Hi, I have come to rust from swift and noticed a few complaints about how things are here. The biggest problem I have in rust is that traits cannot have a default implementation. Frequently, when designing a library (or any piece of software in fact) the ability to give trait a default implementation would be very useful in terms of code reuse, given the fact that rust doesn't have inheritance besides impl blocks. So in situations like the following, it would be very convenient to give some traits default implementation, which effectively makes them mixins.
Unfortunately, rust, contrary to swift, doesn't have the ability to declare a field in interfaces. I assume the problem is that people think that it is not possible to embed a field into type after it was created. They are wrong. In swift, the interfaces (or protocols in its parlance) could be declared as such:
protocol SomeThing {
var someThing: Type { get set }
static var anotherThing: Type { get }
}
//in rust it could be
trait SomeThing {
let mut someThing: Type { get set } //instance member
static let anotherThing: Type { get } //type member
}
//the only restriction to pose on this, I think,
//is to prevent the ability to () self out
This thing also would require manual collision resolution if implemented, but that's not a problem; many other languages tackled this issue.

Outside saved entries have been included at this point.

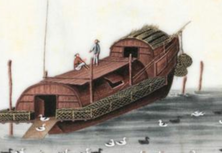 这是一幅中国外销水彩画,以珠江三角洲的鸭船为主题,描绘了一艘专为养鸭和运输鸭设计的船只,画面中两位农夫在船舱顶部交谈。船的竹制平台为封闭式笼状(与另一幅类似作品 4173.12 的开放式平台不同)。作品采用水彩、不透明水彩、墨水绘制,以白色提亮,创作于通草纸(pith paper)上,边缘贴有蓝色丝绸纸,尺寸为高 250 毫米、宽 337 毫米,现处于菲茨威廉博物馆馆藏存储状态。
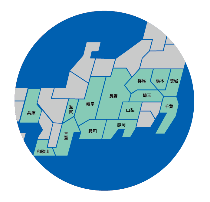 栃木県 / 茨城県 / 群馬県 / 埼玉県 / 千葉県 / 長野県 / 静岡県 / 山梨県 / 岐阜県 / 愛知県 / 三重県 / 兵庫県 / 滋賀県 / 和歌山県
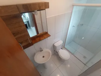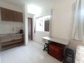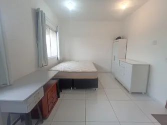 SALA COM CAMA BOX CASAL, ARMÁRIO, ESCRIVANINHA, PRATELEIRA PARA LIVROS, COZINHA CONJUGADA COM ARMÁRIO SUSPENSO, REFRIGERADOR, MICRO ONDAS, BANHEIRO SOCIAL COM BOX , AQUECIMENTO ELÉTRICO, PISO PORCELANATO, PINTURA NOVA.
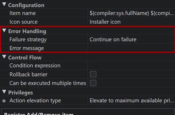 Every action has two possible outcomes: failure or success. If an action succeeds, the next action is invoked. When the last action of a screen is reached, the next screen is displayed. What should happen if an action doesn't succeed? This depends on how important the action is to your installation. If your application is not able to run without the successful execution of this action, the installer should fail and initiate a rollback. However, many actions are of peripheral importance, such as the creation of a desktop link. Declaring that the installer has failed because a desktop link could not be created and rolling back the entire installation would be counterproductive. That's why the failure of an action is ignored by install4j by default. If a possible failure of an action is critical, you can configure its "Failure strategy" to either ask the user on whether to continue or to quit immediately.
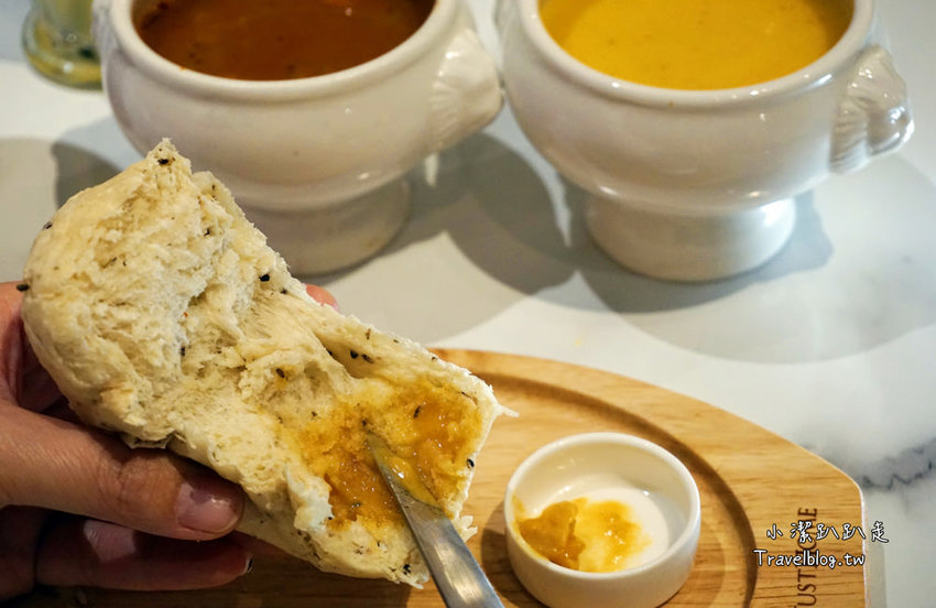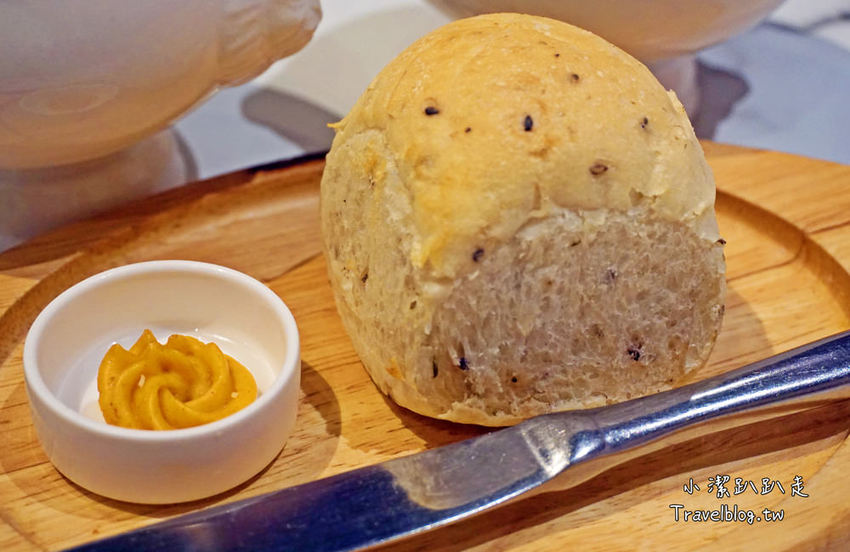 第一道送上的是手工麵包,現點現烤的麵包,有原味、五穀2種口味,一旁還有附上特製沾醬。
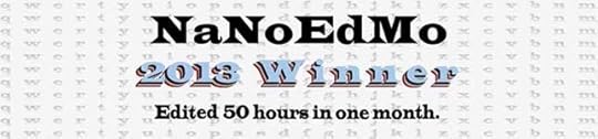Still, I was mostly dismayed (but, admittedly, also relieved), when a glitch in the NaNoEdMo site closed the deadline early — meaning that when I tried to log time at 9 pm CDT, I got a message that said, “NaNoEdMo is closed for 2013. Join us next year!”

Some vague example of how it can be useful
trait GeometricFigure {
type Shape: TopologyDescriptor
type Space: MetricSpaceDescriptor
let mut area: Space.PointDistance { get } //think int or such
}
impl GeometricFigure
where
Descriptor: <#Basically shape with 4 sides for ex.#>
{
let mut area: i32 { return <#Calculate area here#> } //new syntax for computed properties
}
//now if you had used it to create a custom shape with 4 sides,
//it would receive the ability to compute its area for free
struct Square {}
impl GeometricFigure for Square { <#No need to write it all over again to get area#> }
There already was a discussion for this (here and here and god knows where else), but both died. Wanna resurrect it and see what changed since then. It is actually interesting to know why this feature is not in language still.